Arik, after I got the explanation from Nir on how to do this update I did the following steps to try the new vdsm build 1. Open the Engine and reproduce the issue on the first host by moving the host to Maintenance then Activate. 2. The host becomes NonOperational and after ~5 minutes the host was restored and becomes UP. 3. SSH to the same host and check that indeed we have the extra tpgt=1 portal: iscsiadm -m node -P1 4. Download the new vdsm version from rpm-el8( https://github.com/oVirt/vdsm/actions/runs/2530243581 ) 5. Extract the zip file: unzip rpm-el8.zip -d rpm-el8 and cd to rpm-el8 6. Run update: dnf upgrade *.rpm When moving the first host to Maintenance > Activate the host sty UP and Running!! Looks Great!! Notes: - Tested on HE and not HE environments. - The extra tpgt=1 portal is still there.

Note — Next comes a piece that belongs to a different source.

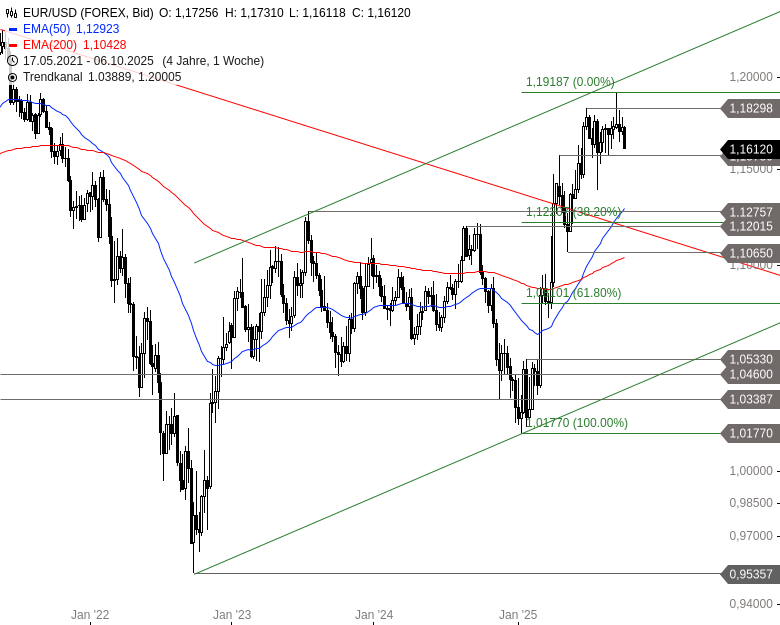 EUR/USD befindet sich seit dem Jahreshoch bei 1,1919 USD vom 17. September 2025 in einer Abwärtsbewegung. Dabei das Währungspaar unter den Aufwärtstrend ab 01. August 2025 und auf ein Tief bei 1,1645 USD. Nach einem Pullback an den gebrochenen Aufwärtstrend gab es nach einem ersten erfolgreichen Test der Unterstützung bei 1,1645 USD kurzzeitig die Chancen auf einen Doppelboden. Aber heute Nacht fiel das Währungspaar unter diese Unterstützung ab und gibt seitdem weiter nach.

(In reply to Michal Skrivanek from comment #15) > This is a user error. We never asked anyone to connect to the same target up > front. The solution is simple - do not connect to anything prior to > installation/adding SD. > Fixing it to ignore existing sessions is a good fail safe though We found two valid scenario's so far to reach this state which are not user's error but RHV's issues leading to non-operational -> Moving back to High Sev. Even if the user do not connect to anything prior to installation/adding SD he will hit the same issue. Valid Scenario's: Scenario 1: Adding a new storage connection webadmin - described in bug 2099997 Scenario 2: Add new storage domain via ansible ovirt_storage_domain module - described in bug 2099640
Verified. Versions: vdsm-4.50.2-1.el8ev.x86_64 ovirt-engine-4.5.1.3-654.af4ac851f145.33.el8ev.noarch The "session exists" error still shows up due to the extra tpgt=1 portal, but this time the host doesn't go to non-operational mode.
This bugzilla is included in oVirt 4.5.2 release, published on August 10th 2022. Since the problem described in this bug report should be resolved in oVirt 4.5.2 release, it has been closed with a resolution of CURRENT RELEASE. If the solution does not work for you, please open a new bug report.